A couple of ways to think about this idea are, first, that if you put garbage in, you may expect garbage out. This is probably how most people think about it—what you sow is what you reap. But a second way to consider this is that if you’re getting garbage out, obviously there’s garbage having gone in at some point. This is the mindset of a troubleshooter, the one who’s going to figure out why your computer screen is displaying purple aliens…or not displaying anything at all. To make this more simple, you can’t correctly solve 2+3 if you state it as 2-3, 2*3 or 2+2. Your output is not what you want? Look at your inputs.

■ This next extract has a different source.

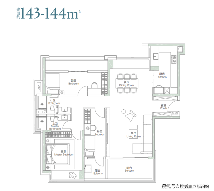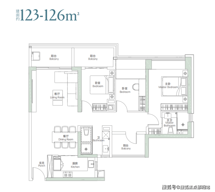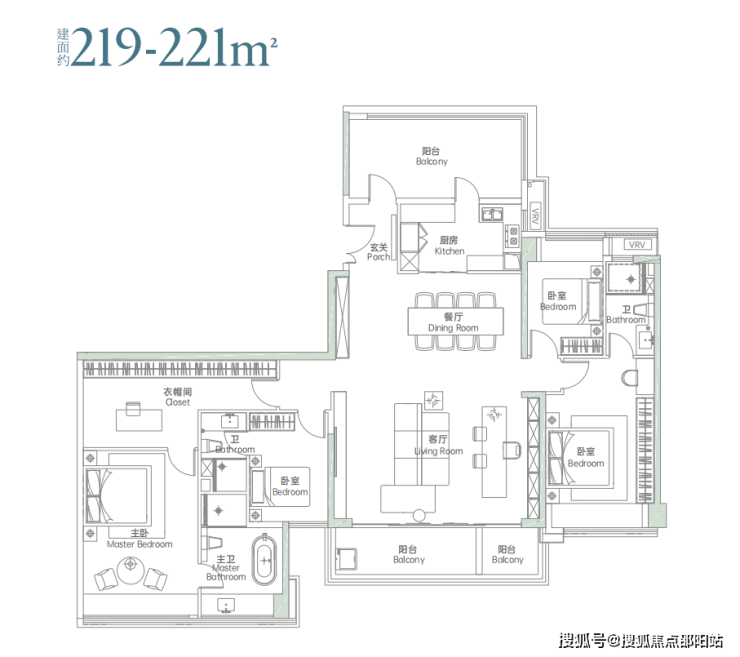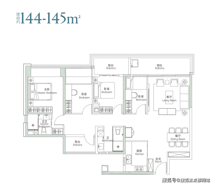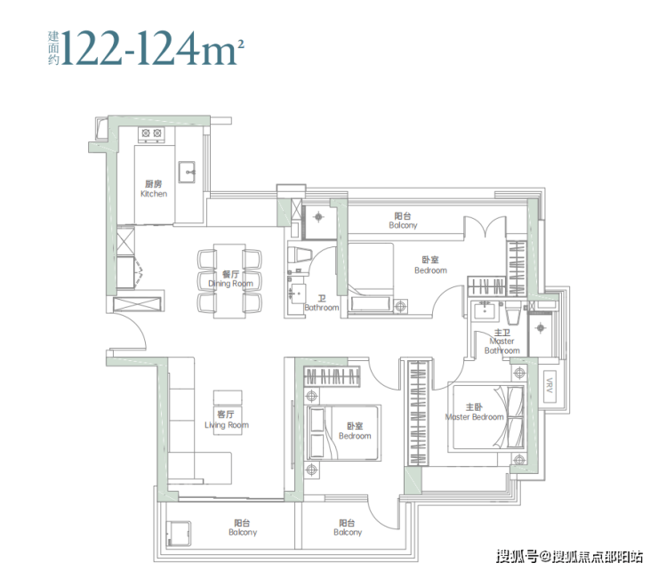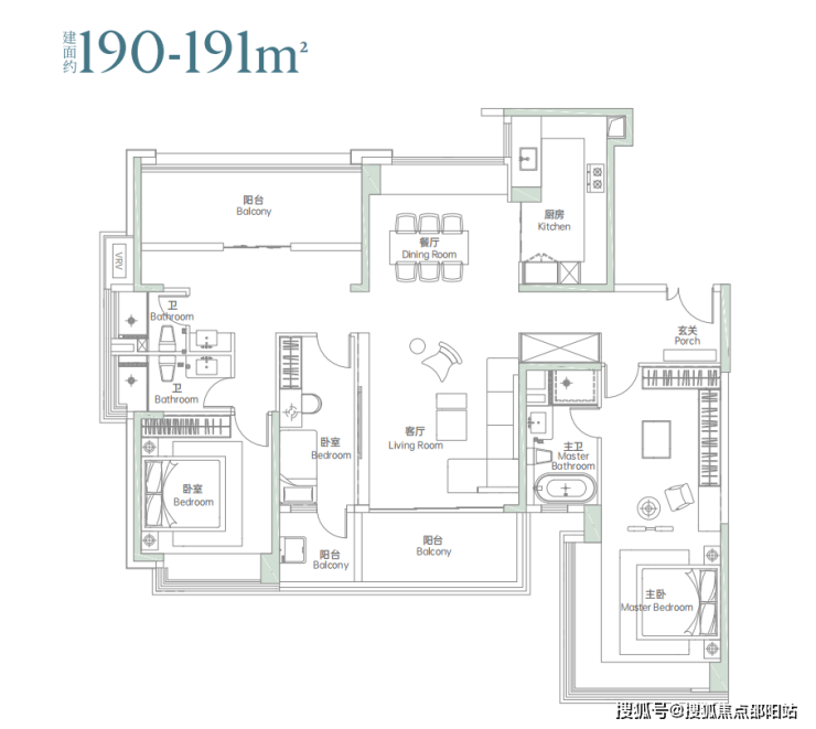 竖厅户型,客餐厅一体出阳台,客厅旁边“阳台”实际可以做一个房间,主卧套房设计,也可以做成5房。

It’s this reverse engineering model I want to examine. Reverse engineering is used quite a lot in programming and is sort of related to what Stephen Covey stated: “Begin with the end in mind” only it’s working backward from the end to determine the beginning. The computer geek starts at the unwanted end and discovers what programming bug or glitch is responsible. Reverse engineering is also being used as a tool in patent infringement on both side by figuring out how something works, tweaking it and coming out with a similar product, or by reverse engineering a product to see if someone has done RE with YOUR product.

So how am I thinking about this today? Well, we’re winding down to the autumn months of 2012 here in a few days. The very air is rife with speculation about the end times, the Mayan calendar, civil unrest, personal insecurity. We’re also here in North American heading into another winter of “recession” while more and more people are suffering from the terminal economy. More and more soothsayers predicting things like polar shift, unleashed global warming, bio-terror—the news is pretty much all bad. If you watch the nightly news (which I haven’t since 1984) your head is filled with horror and gloom. Here’s a video to watch if you’d like to become frightened and dismayed by what’s going on.[This isn’t the most terrifying on the Web by a long shot. I refuse to search for that and put it out here.] We all know about the stress of modern life. It’s well-documented, if not well “managed.”

So, if we reverse engineer a world clearly careening to hell in a handcart, and you believe as I do that thoughts are things—when we resolve the “things” around us into thought, we come up with so many people thinking about murders, swindles, lies, and even hatred. And if that wasn’t bad enough, we even pay to have our heads fill with terror when we watch so-called “action” movies and TV shows. With a mental diet such as this, is it any wonder that there is an ever-escalating incidence of stuff to be fearful and worried about?

We say we want peace but how much time do we each individually spend on a daily basis do we spend thinking out, envisioning and loving peace, especially as compared to the time we spend contemplating its opposite. We say we want peace—and this is on one level so true. We are in want of peace. And even when we pray, we pray “for peace” instead of praying peace. The first implies its absence; the latter creates the reality. Praying peace or rain or health or anything else, is the contemplation of the place that quality has in your life and “real”-izing it.

So garbage in—the “terrors of the night” filling our minds and hearts, while outwardly we spiral into a fire pit oblivion. Any coincidence there? I think so. Resist?—heaven’s no! That keeps the terrors in front of you. You’ll be constantly thinking about what you’re resisting, instead of the goal of peace and contentment. You say you want peace—here’s the instruction manual:

Finally, brothers and sisters, whatever is true, whatever is noble, whatever is right, whatever is pure, whatever is lovely, whatever is admirable—if anything is excellent or praiseworthy—think about such things. Whatever you have learned or received or heard from me, or seen in me—put it into practice. And the God of peace will be with you. ~Philippians 4:8-9

It’s doesn’t get much more clear than that. What a promise!